**What the task requires**
A verbatim repetition of the data below is requested, without images.

___ Available data

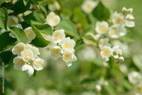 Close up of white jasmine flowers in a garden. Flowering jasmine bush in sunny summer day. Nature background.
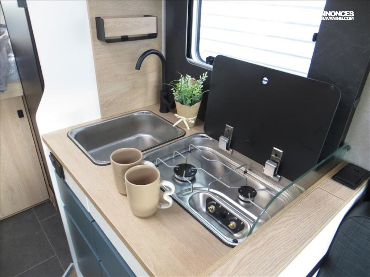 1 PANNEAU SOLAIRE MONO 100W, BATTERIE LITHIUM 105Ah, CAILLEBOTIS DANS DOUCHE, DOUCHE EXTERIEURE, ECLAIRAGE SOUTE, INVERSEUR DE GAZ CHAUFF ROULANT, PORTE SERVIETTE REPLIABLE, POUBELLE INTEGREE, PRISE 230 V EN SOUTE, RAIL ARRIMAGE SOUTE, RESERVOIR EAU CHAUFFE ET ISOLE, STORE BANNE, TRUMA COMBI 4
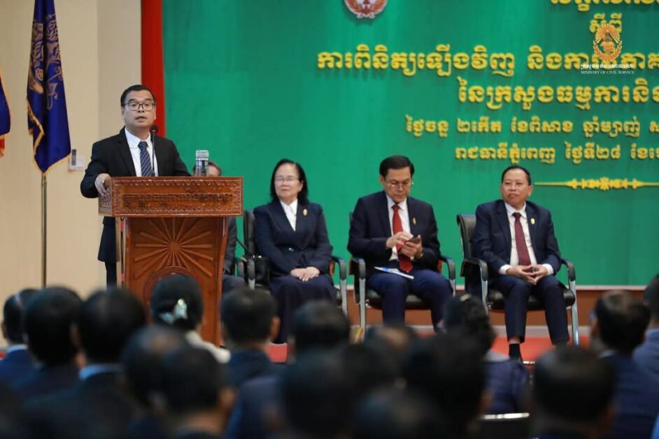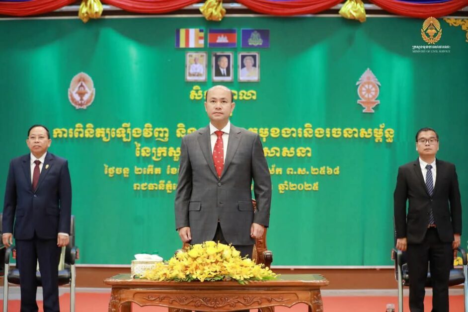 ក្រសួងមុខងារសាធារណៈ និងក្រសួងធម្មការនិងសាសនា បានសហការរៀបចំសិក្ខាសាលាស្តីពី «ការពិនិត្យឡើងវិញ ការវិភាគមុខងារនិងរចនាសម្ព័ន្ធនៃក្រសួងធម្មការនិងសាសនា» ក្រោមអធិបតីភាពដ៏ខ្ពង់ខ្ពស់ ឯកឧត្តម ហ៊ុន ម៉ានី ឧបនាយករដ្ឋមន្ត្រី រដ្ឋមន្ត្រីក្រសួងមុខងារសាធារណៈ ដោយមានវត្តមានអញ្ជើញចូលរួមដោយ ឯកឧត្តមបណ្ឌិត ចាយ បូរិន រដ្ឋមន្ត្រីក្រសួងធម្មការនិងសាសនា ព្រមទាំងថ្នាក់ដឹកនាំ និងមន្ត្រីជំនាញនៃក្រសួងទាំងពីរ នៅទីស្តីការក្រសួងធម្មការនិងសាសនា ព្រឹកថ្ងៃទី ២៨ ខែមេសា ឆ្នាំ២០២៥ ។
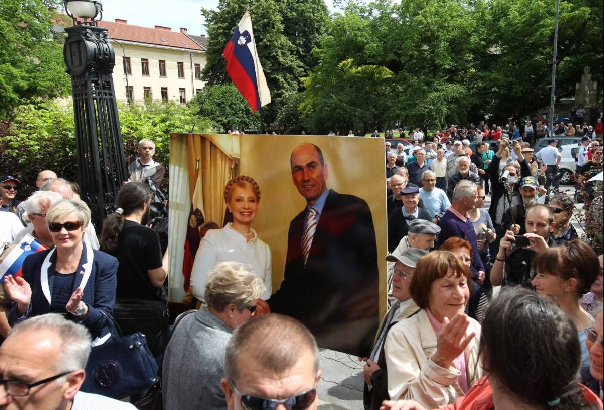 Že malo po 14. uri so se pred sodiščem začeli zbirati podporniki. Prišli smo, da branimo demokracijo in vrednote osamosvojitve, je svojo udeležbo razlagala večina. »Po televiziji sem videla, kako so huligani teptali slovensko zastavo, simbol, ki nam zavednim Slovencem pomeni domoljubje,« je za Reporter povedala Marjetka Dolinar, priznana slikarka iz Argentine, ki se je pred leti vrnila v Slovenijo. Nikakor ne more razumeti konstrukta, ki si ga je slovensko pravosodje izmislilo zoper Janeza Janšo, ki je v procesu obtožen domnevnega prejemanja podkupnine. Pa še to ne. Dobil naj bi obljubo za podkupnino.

______

**Task output**
 Close up of white jasmine flowers in a garden. Flowering jasmine bush in sunny summer day. Nature background.
 1 PANNEAU SOLAIRE MONO 100W, BATTERIE LITHIUM 105Ah, CAILLEBOTIS DANS DOUCHE, DOUCHE EXTERIEURE, ECLAIRAGE SOUTE, INVERSEUR DE GAZ CHAUFF ROULANT, PORTE SERVIETTE REPLIABLE, POUBELLE INTEGREE, PRISE 230 V EN SOUTE, RAIL ARRIMAGE SOUTE, RESERVOIR EAU CHAUFFE ET ISOLE, STORE BANNE, TRUMA COMBI 4
 ក្រសួងមុខងារសាធារណៈ និងក្រសួងធម្មការនិងសាសនា បានសហការរៀបចំសិក្ខាសាលាស្តីពី «ការពិនិត្យឡើងវិញ ការវិភាគមុខងារនិងរចនាសម្ព័ន្ធនៃក្រសួងធម្មការនិងសាសនា» ក្រោមអធិបតីភាពដ៏ខ្ពង់ខ្ពស់ ឯកឧត្តម ហ៊ុន ម៉ានី ឧបនាយករដ្ឋមន្ត្រី រដ្ឋមន្ត្រីក្រសួងមុខងារសាធារណៈ ដោយមានវត្តមានអញ្ជើញចូលរួមដោយ ឯកឧត្តមបណ្ឌិត ចាយ បូរិន រដ្ឋមន្ត្រីក្រសួងធម្មការនិងសាសនា ព្រមទាំងថ្នាក់ដឹកនាំ និងមន្ត្រីជំនាញនៃក្រសួងទាំងពីរ នៅទីស្តីការក្រសួងធម្មការនិងសាសនា ព្រឹកថ្ងៃទី ២៨ ខែមេសា ឆ្នាំ២០២៥ ។
 Že malo po 14. uri so se pred sodiščem začeli zbirati podporniki. Prišli smo, da branimo demokracijo in vrednote osamosvojitve, je svojo udeležbo razlagala večina. »Po televiziji sem videla, kako so huligani teptali slovensko zastavo, simbol, ki nam zavednim Slovencem pomeni domoljubje,« je za Reporter povedala Marjetka Dolinar, priznana slikarka iz Argentine, ki se je pred leti vrnila v Slovenijo. Nikakor ne more razumeti konstrukta, ki si ga je slovensko pravosodje izmislilo zoper Janeza Janšo, ki je v procesu obtožen domnevnega prejemanja podkupnine. Pa še to ne. Dobil naj bi obljubo za podkupnino.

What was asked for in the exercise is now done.